Nein, bei 16) steht die wichtigste Übung für den langen Adduktor. Es gibt aber auch eine „kurze Version“ des Muskels (m. adductor brevis). Den kann man dehnen, indem man sich auf den Boden setzt und die Fußsohlen gegeneinander stellt. Den Rumpf gerade aufrecht halten und die Knie langsam zum Boden senken. Als zusätzliches Gewicht kann man die Ellbogen auf den Knien ruhen lassen. Auch hierbei wieder nicht federn, wenige Male wiederholen und nicht die Schmerzgrenze überschreiten.

18) Wie kann ich die Muskeln wieder kräftigen?
Das geht ganz bequem. Jede Bewegung, bei der die Knie mit Kraft nach einander zu bewegt werden, ist wirkungsvoll. Sogar im Büro oder in der Klasse kann man, ohne das jemand es merkt, weitertrainieren. Einfach ein Buch zwischen die Knie und drücken. Zu viel Fanatismus bringt zwar wieder ein Überbelastungsrisiko mit sich. Auch Kraftübungen, bei denen ein kräftiges Gummiband, Dynaband oder Fahrradschlauch als Widerstand benutzt werden, sind hervorragend. Im Fitnesszentrum können natürlich auch unterschiedliche Übungen ausgeführt werden.
Wenn man schon dabei ist, kann es sicher nicht schaden, auch die Bauchmuskeln tüchtig arbeiten zu lassen.

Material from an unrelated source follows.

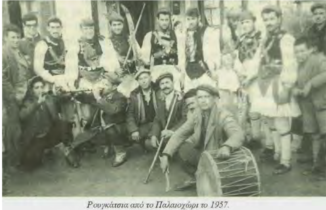
Ρουγκάτσια από το Παλαιοχώρι το 1957.

Ο «πατέρας» της λαογραφίας μας Ν. Πολίτης ισχυρίζεται πως η λέξη ρουγκάτσια προέρχεται από το λατινικό ρήμα Rogo που σημαίνει ζήτηση, απαίτηση και κατά συνέπεια «ρουγκάτσια» είναι αυτοί που ζητούν, που θέλουν ενίσχυση, δηλαδή βοήθεια. Την εκδοχή αυτή δέχεται και ο δικηγόρος και για πολλά χρόνια ερευνητής της ιστορίας και λαογραφίας Γιάννης Μοσχόπουλος από την Αλεξάνδρεια (Γιδός) ο οποίος αναφέρει μεταξύ

19) Kann ich noch ergänzende Maßnahmen ergreifen, wenn ich wieder Sport treibe?
Ja, außer einem guten Aufwärmen und langsamen Anfangen kann es vernünftig sein, die ersten Wettkämpfe oder Trainings vorbeugend tapen zu lassen. Sorgen Sie auch dafür, dass ausreichend schützende Kleidung vorhanden ist, sodass die Muskeln nicht abkühlen.

20) Jetzt weiß ich, wie ich es bekomme und wie ich es wieder loswerde. Kann ich auch verhindern, dass es so weit kommt?
Wärmen Sie vor allem gut auf mit ausreichenden Dehnübungen. Und: Hören Sie auf Ihren Körper, er ist der beste Ratgeber.